Cuba detected the first case of Zika virus transmitted in the country on March 15. A 21-year-old Cuban woman who had not left the country tested positive for the virus, and is currently hospitalized in Havana.
Prior to the diagnosis, Cuba was one of the only remaining countries in the Western Hemisphere without a domestic transmission of Zika, reports Global News.
Zika virus has been linked to birth defects, and may be related to microcephaly, a condition that causes brain damage and impedes development of babies.
The March 15 diagnosis was not the island nation’s first experience with the disease. Prior to this case, Cuba had reported cases of Zika among people who had traveled to Venezuela, and likely contracted the disease there.
Venezuela and Cuba have close ties, and thousands of people travel between the two countries every year. Venezuela is struggling with Zika inside its borders, and faces strains on its healthcare system, reports Washington Post.
Cuba is pushing to combat the spread of Zika, enlisting more than 9,000 soldiers, university students and police to fumigate areas with mosquitoes. Cuban president Raul Castro has called for the country to ramp up sanitation and fumigation efforts in a nation-wide campaign.
Zika virus has affected 52 countries around the world, primarily in Latin America and the Caribbean, reports the World Health Organization. On Feb. 1, the WHO declared the spread of the virus linked to microcephaly a global health emergency.
“The experts agreed that a causal relationship between Zika infection during pregnancy and microcephaly is strongly suspected, though not yet scientifically proven. All agreed on the urgent need to coordinate international efforts to investigate and understand this relationship better,” wrote the WHO in a statement.

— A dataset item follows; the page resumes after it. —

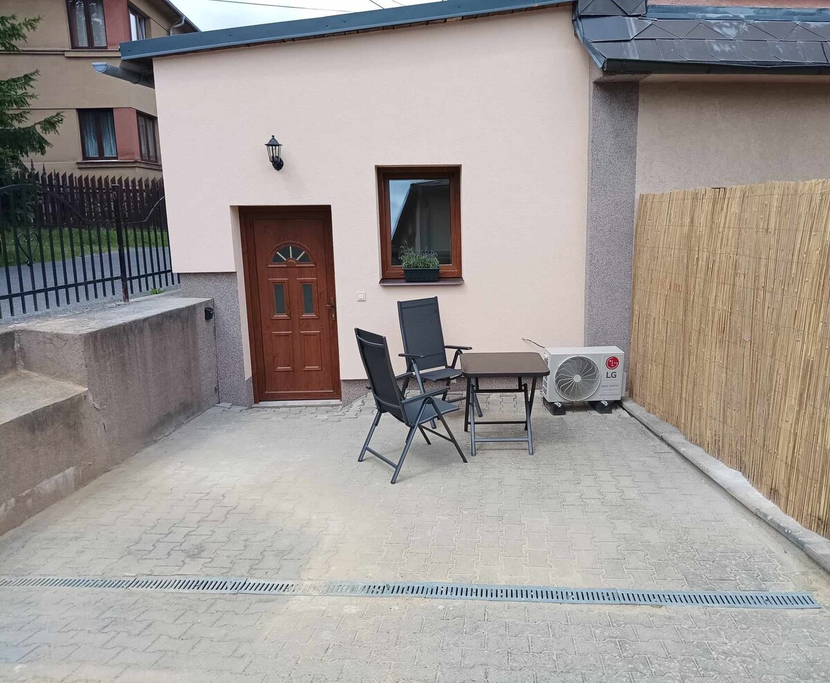 Lítið, notalegt hús sem veitir gestum nægilega næði á annarri hæð í garði okkar en húsið okkar er. Skipulag: Forstofa með baðherbergi og salerni, svefnherbergi með hjónarúmi, borðstofuborði, 2 stólum og sjónvarpi. Gestir geta einnig nýtt sér garðskála með arineldsstæði, grill og setusvæði. Hér er einnig eldhús og ísskápur (opinn frá apríl til nóvember). Veitingastaður - 1km, Matvöruverslun - 1,5 km, Svæðið Obri Sud - 2km, Vesec svæðið - 2km, Jested svæðið - 5km Vatn, kaffi, te - ókeypis
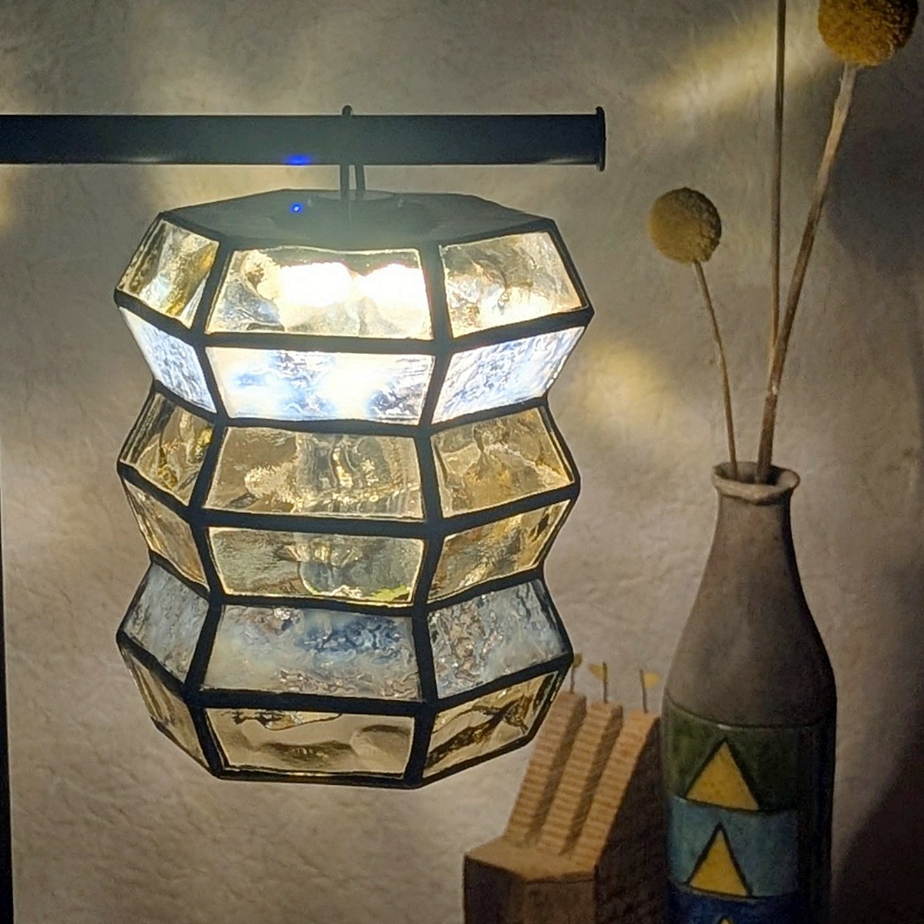 波打つ影を映すアンバーガラスと白が混ざったクリアガラスの組み合わせ。面の多いステンドグラスならではの光が空間を彩ります。

“Members of the Committee agreed that the situation meets the conditions for a Public Health Emergency of International Concern.”
Despite the concern generated by Zika, the WHO urged nations around the world not to implement trade or travel bans.
Instead, the WHO says, "At present, the most important protective measures are the control of mosquito populations and the prevention of mosquito bites in at-risk individuals, especially pregnant women.